Newly identified organic anion-binding proteins in rat liver cytosol.

Previously, all organic anion binding activity in the Y protein (ligandin-containing) fraction of rat liver cytosol has been attributed to the glutathione S-transferases. Gel filtration on Sephadex G-75 superfine has resolved the Y protein fraction into organic anion-binding fractions of two distinct molecular weights: (a) Mr 45 000 containing the glutathione S-transferases, and (b) Mr 35 000 referred to as Y'. Two proteins (Dv and D1) were purified from the Y' fraction. Dv is a basic protein consisting of four subunits of Mr 8000-9000 and selectively binds 1-anilino-8-naphthalene sulfonate and sulfobromophthalein.
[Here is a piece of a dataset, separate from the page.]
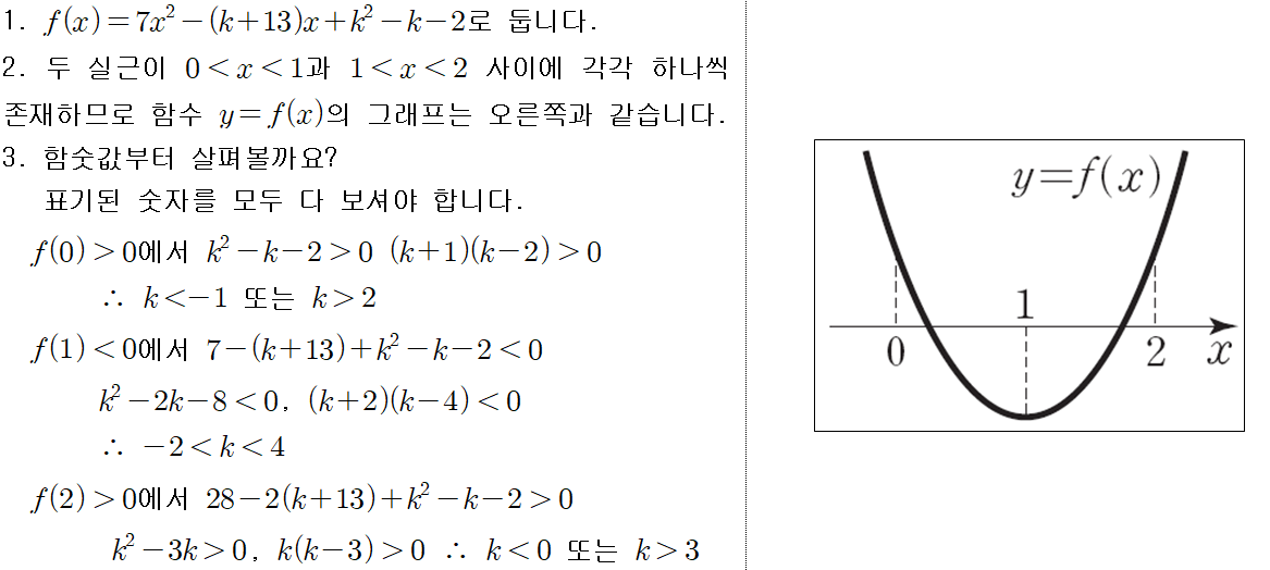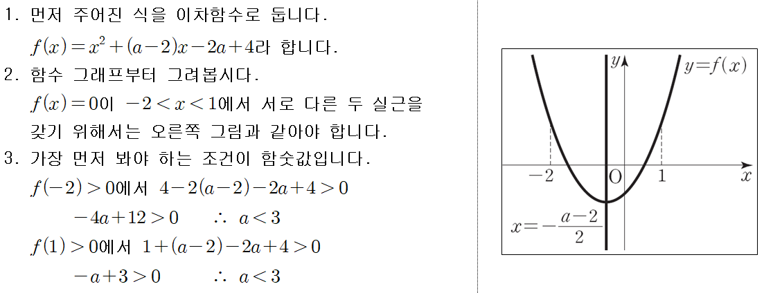 풀이에서 가장 중요한 건 이차함수 그래프를 그리는 부분입니다!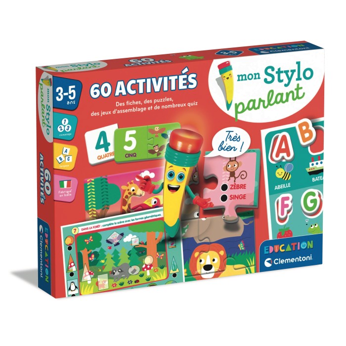 Un coffret de jeux avec 60 activités éducatives qui abordent tous les sujets clés de l’apprentissage dans l’enseignement scolaire : couleurs, formes, alphabet, nombres à l'aide du stylo parlant.

D1 is a monomer (Mr 40 000) which exhibits high affinity binding for Rose Bengal. Dv protein bound a broad spectrum of organic anions. Antibody raised in rabbits to rat Dv showed no cross-reactivity with purified glutathione S-transferases A, B, or C. Thus, we have identified organic anion-binding proteins which are unrelated to the glutathione S-transferases, but which were previously associated with the crude Y-fraction. The relative abundance of these proteins and their binding characteristics suggest their role in hepatic organic anion transport.